• **Assigned task**: Each line from the top of the listing through the one holding "Higienska pregrada, ki" should be restated word for word, with nothing added and no pictures.

——

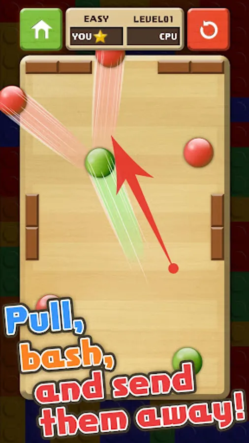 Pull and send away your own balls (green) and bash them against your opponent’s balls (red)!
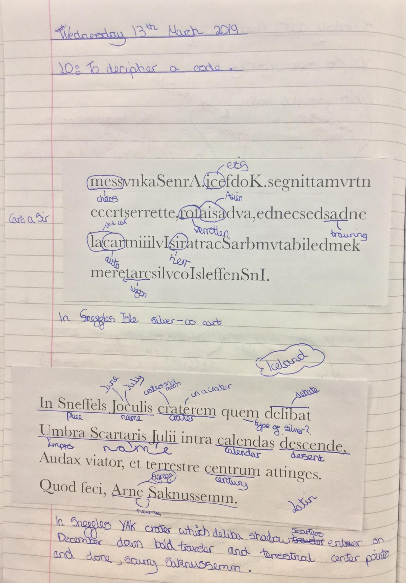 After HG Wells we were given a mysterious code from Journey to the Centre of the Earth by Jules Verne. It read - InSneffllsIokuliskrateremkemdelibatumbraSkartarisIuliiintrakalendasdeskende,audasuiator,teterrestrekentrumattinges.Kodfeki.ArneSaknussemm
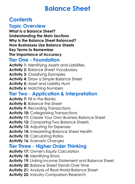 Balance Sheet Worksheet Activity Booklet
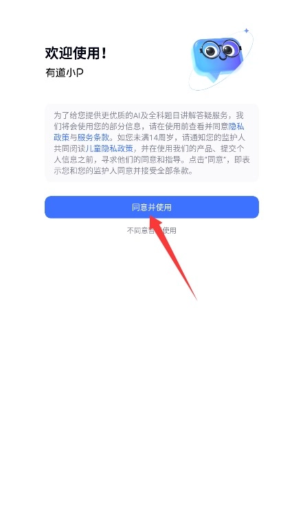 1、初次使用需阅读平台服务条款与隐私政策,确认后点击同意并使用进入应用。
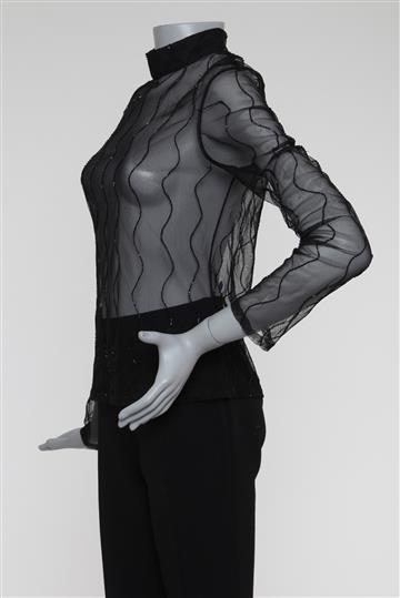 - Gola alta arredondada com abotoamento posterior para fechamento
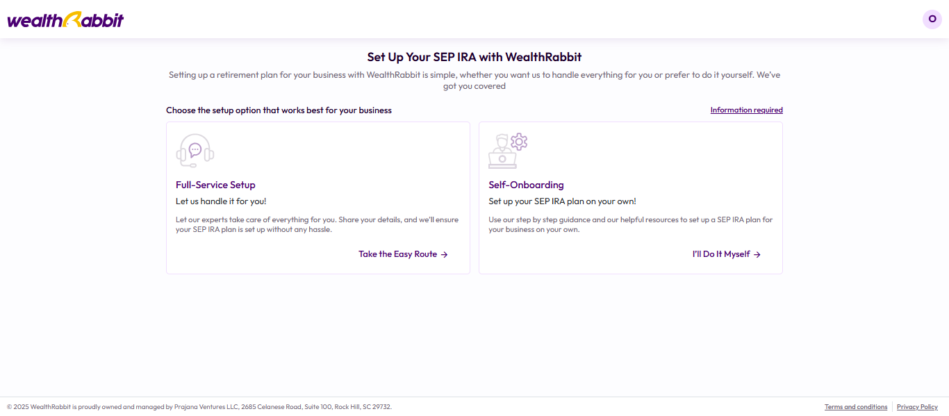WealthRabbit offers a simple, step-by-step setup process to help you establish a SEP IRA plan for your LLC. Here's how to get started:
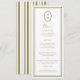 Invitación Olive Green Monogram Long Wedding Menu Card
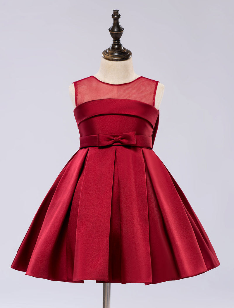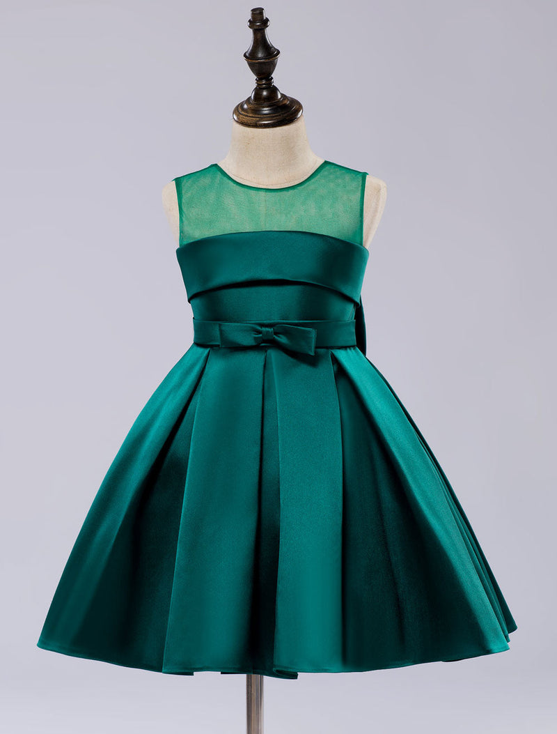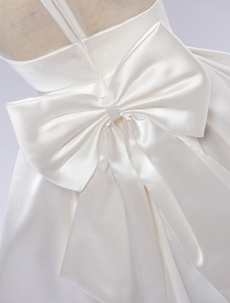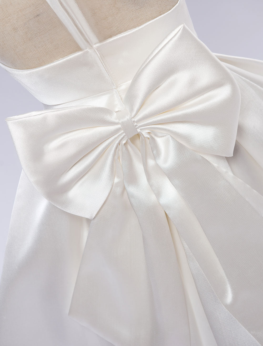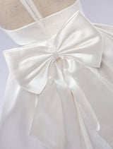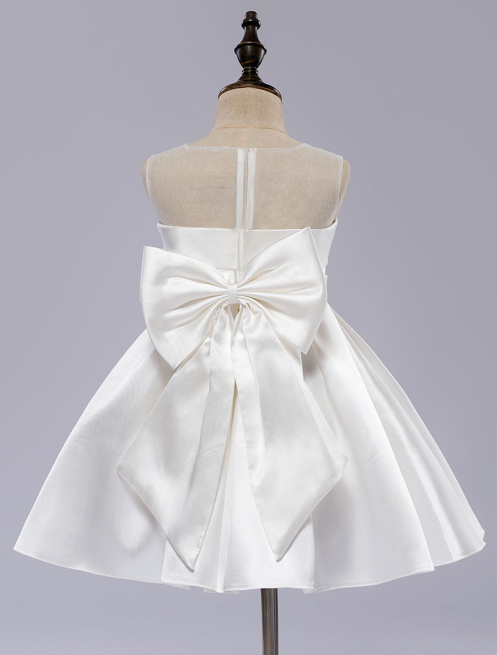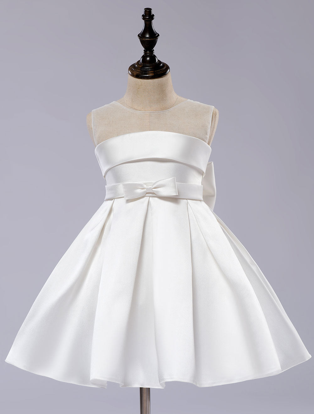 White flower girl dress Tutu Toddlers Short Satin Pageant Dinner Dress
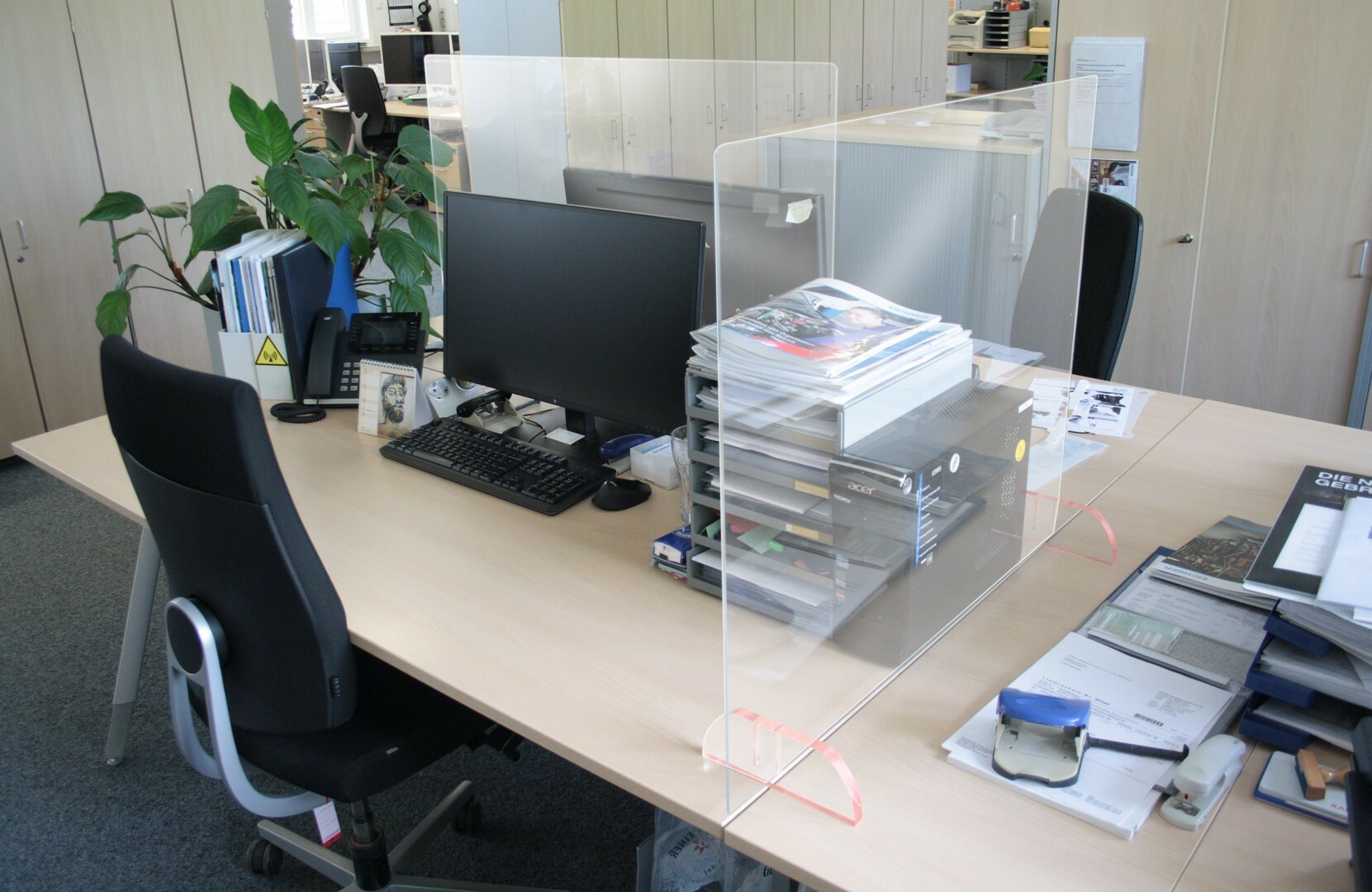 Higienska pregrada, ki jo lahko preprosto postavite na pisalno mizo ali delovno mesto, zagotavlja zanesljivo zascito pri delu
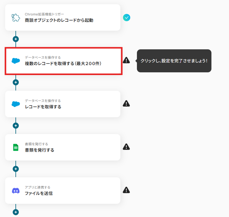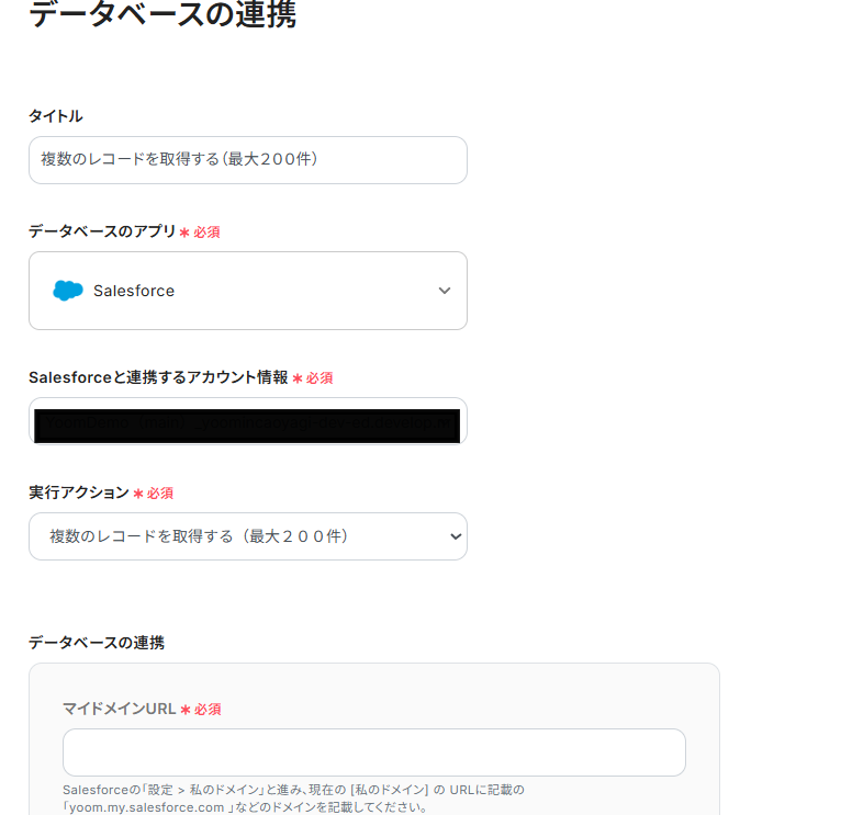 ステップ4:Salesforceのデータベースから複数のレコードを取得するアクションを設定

——

• **Solution to this task**:
 Pull and send away your own balls (green) and bash them against your opponent’s balls (red)!
 After HG Wells we were given a mysterious code from Journey to the Centre of the Earth by Jules Verne. It read - InSneffllsIokuliskrateremkemdelibatumbraSkartarisIuliiintrakalendasdeskende,audasuiator,teterrestrekentrumattinges.Kodfeki.ArneSaknussemm
 Balance Sheet Worksheet Activity Booklet
 1、初次使用需阅读平台服务条款与隐私政策,确认后点击同意并使用进入应用。
 - Gola alta arredondada com abotoamento posterior para fechamento
WealthRabbit offers a simple, step-by-step setup process to help you establish a SEP IRA plan for your LLC. Here's how to get started:
 Invitación Olive Green Monogram Long Wedding Menu Card
 White flower girl dress Tutu Toddlers Short Satin Pageant Dinner Dress
 Higienska pregrada, ki jo lahko preprosto postavite na pisalno mizo ali delovno mesto, zagotavlja zanesljivo zascito pri delu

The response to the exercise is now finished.